A blindfold approach improves machine learning privacy
A query-based method for extracting knowledge from sensitive datasets without showing any underlying private data could resolve long-standing privacy concerns in machine learning.
About
A key challenge lies in balancing patient privacy with the opportunity to improve future outcomes when training artificial intelligence (AI) models for applications such as medical diagnosis and treatment. A KAUST-led research team has now developed a machine-learning approach that allows relevant knowledge about a patient’s unique genetic, disease and treatment profile to be passed between AI models without transferring any original data.
“When it comes to machine learning, more data generally improves model quality,” says Norah Alballa, a computer scientist from KAUST. “However, much data is private and hard to share due to legal and privacy concerns. Collaborative learning is an approach that aims to train models without sharing private training data for enhanced privacy and scalability. Still, existing methods often fail in heterogeneous data environments when local data representation is insufficient.”

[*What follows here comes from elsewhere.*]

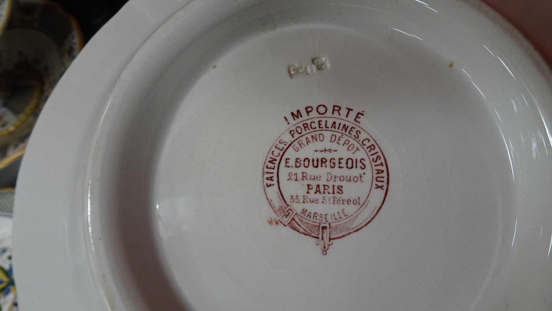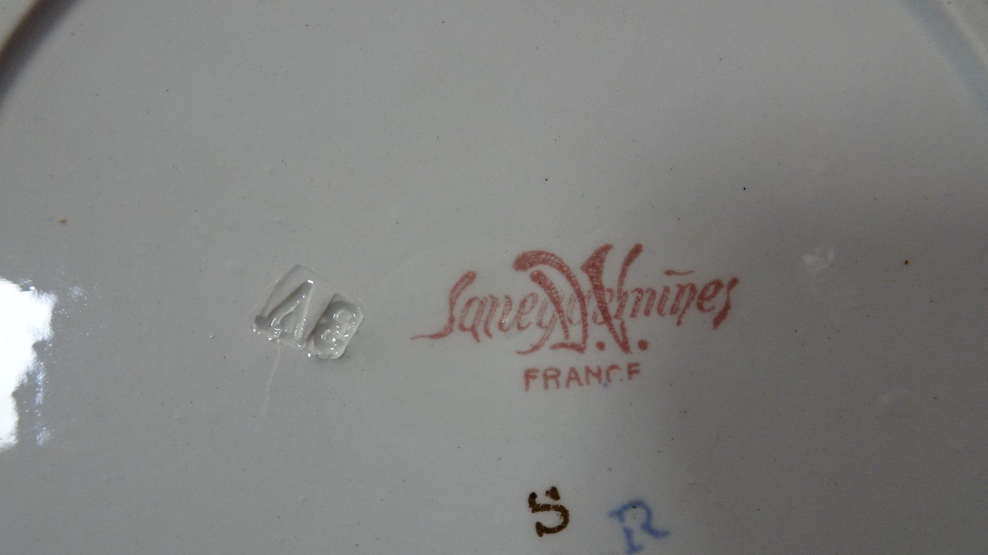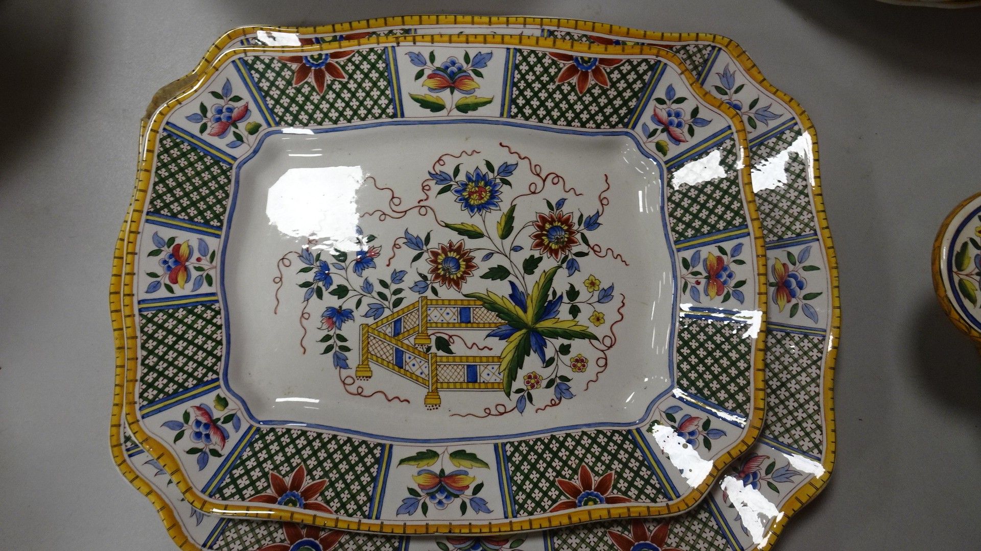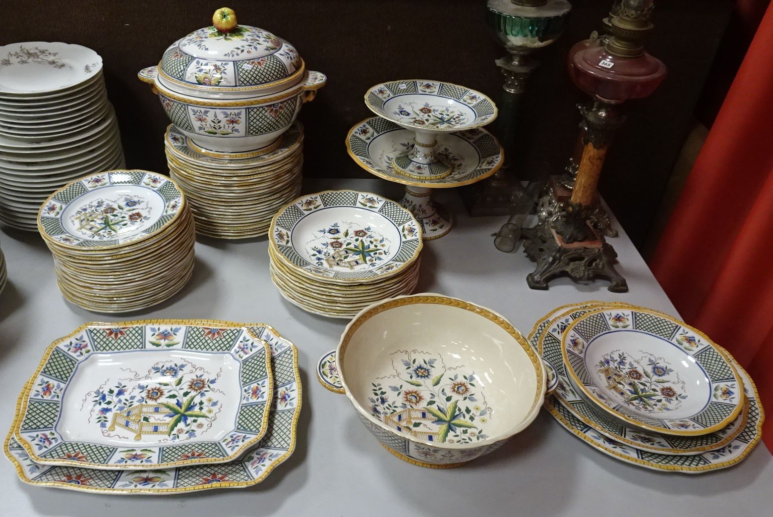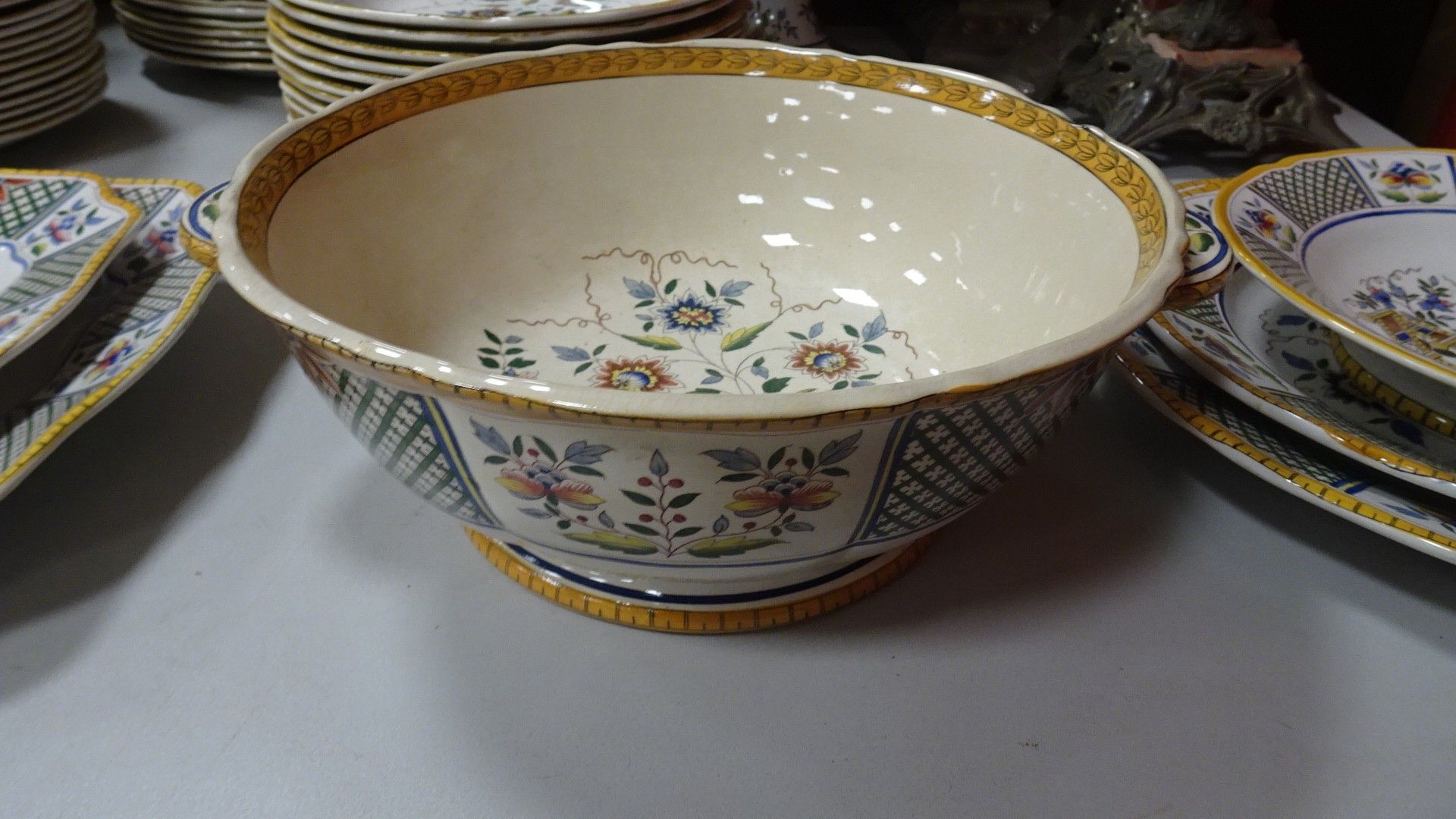 SARREGUEMINES. Modèle MONTMORENCY. Service de table en faïence polychrome comprenant : 24 assiettes plates, 12 creuses, 23 à dessert, 4 plats, 3 coupes, légumier et soupière

Learning from sensitive data while preserving privacy is a long-standing problem in AI: it restricts access to large data sets, such as clinical records, that could greatly accelerate research and the effectiveness of personalized medicine.
One way privacy can be maintained in machine learning is to break up the dataset and train AI models on individual subsets. The trained model can then share just the learnings from the underlying data without breaching privacy.
This approach, known as federated learning, can work well when the datasets are largely similar, but in situations when distinctly different datasets form part of the training library, there can be a breakdown in machine-learning process.
“These approaches can fail because, in a heterogenous data environment, a local client can ‘forget’ existing knowledge when new updates interfere with previously learned information,” says Alballa. “In some cases, introducing new tasks or classes from other datasets can lead to catastrophic forgetting, causing old knowledge to be overwritten or diluted.”